CITY DESK has attempted futilely from time to time to point out that the slogan on our city license plates is not a demand for freedom but rather one in support of a slight modification of the colonial system existing prior to the revolution. It fell far short, for example, of Patrick Henry's demand of "give me liberty or give me death" as it basically called for token representation in Parliament rather than granting the colonies control over their own affairs. It was a puny slogan devised by members of the colonial Massachusetts equivalent of our Board of Trade with little to do with the eventual demands of the colonies as laid out in the Declaration of Independence.

Now we have learned that this division in the colonies - reflected locally today by the views of the DC Statehood Greens vs. DC Vote - went back even earlier. In 1754, Benjamin Franklin attempted to use a conference on relations with the Indians to foster the idea of a colonial union that would have significant control over its own business. His demand was get the colonies on a par with the rest of England, remarking that "It is supposed an undoubted right of Englishmen not to be taxed but by their own consent given through their own representatives."
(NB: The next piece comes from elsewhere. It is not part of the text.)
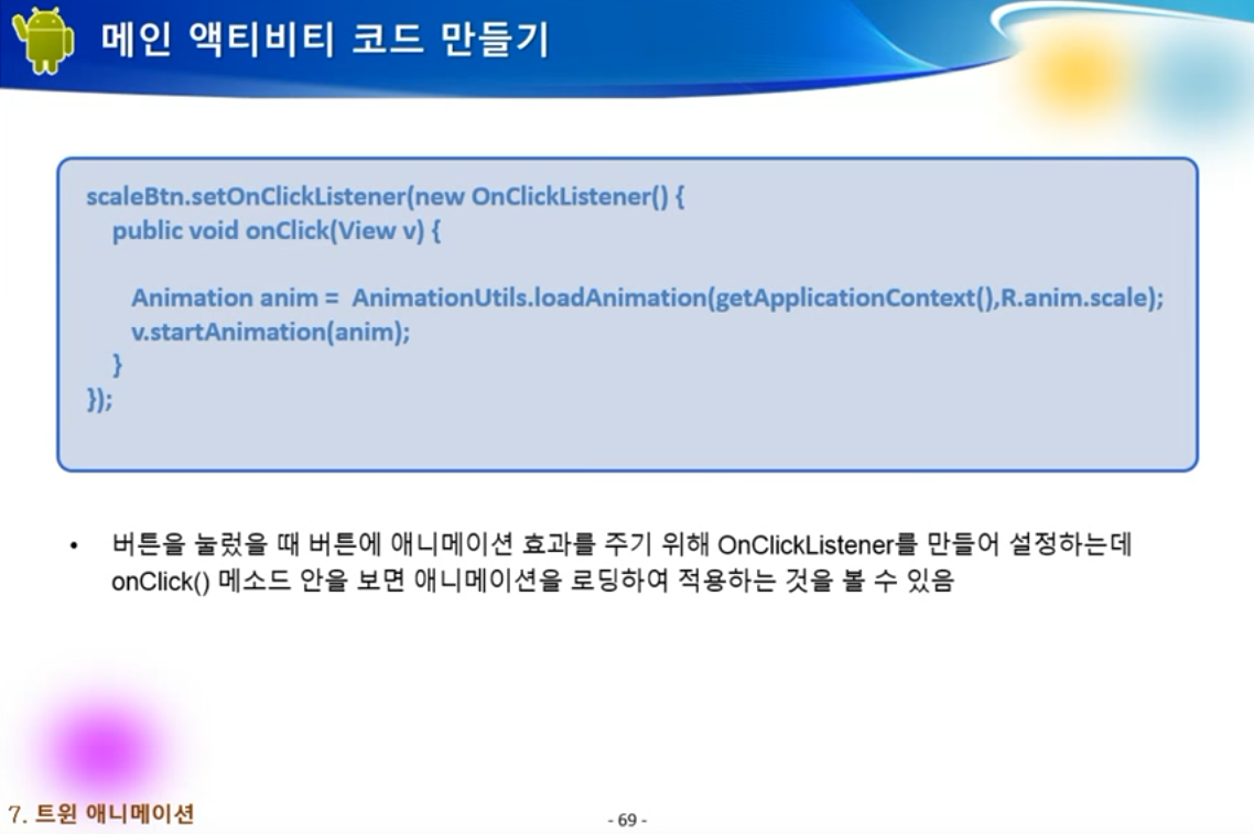 Animation scale = AnimationUtils.loadAnimation(getApplicationContext(), R.anim.scale);

Note that he was not talking about token representation in Congress a la Eleanor Holmes Norton but real local power. The reaction of the colonial governor of Massachusetts was to make a counter offer diluting the number and power of the colonies' representatives on the proposed Grand Council. Governor Shirley then proposed a little sweetener - representation in Parliament. Franklin said the idea was a good one provided the colonies had enough representatives and that all acts of Parliament restricting trade in the colonies be repealed. Writes HW Brand in the 'First American,' "Needless to say, this proviso severely diminished the appeal to Parliament of Shirley's suggestion. What was the point of having colonies if not to be able to discriminate against them in trade, manufacture, or otherwise? Franklin knew this."

Nothing came of the Albany plan, but it is clear that Ben Franklin, had he been alive today, would have sought something better for his license plate than the a request for token representation in the national legislature without any real power. We are fortunate, however, that he was instead alive at the time of the Declaration of Independence. If Eleanor Norton, DC Vote, and Mark Plotkin had been in charge, we would still be a British colony.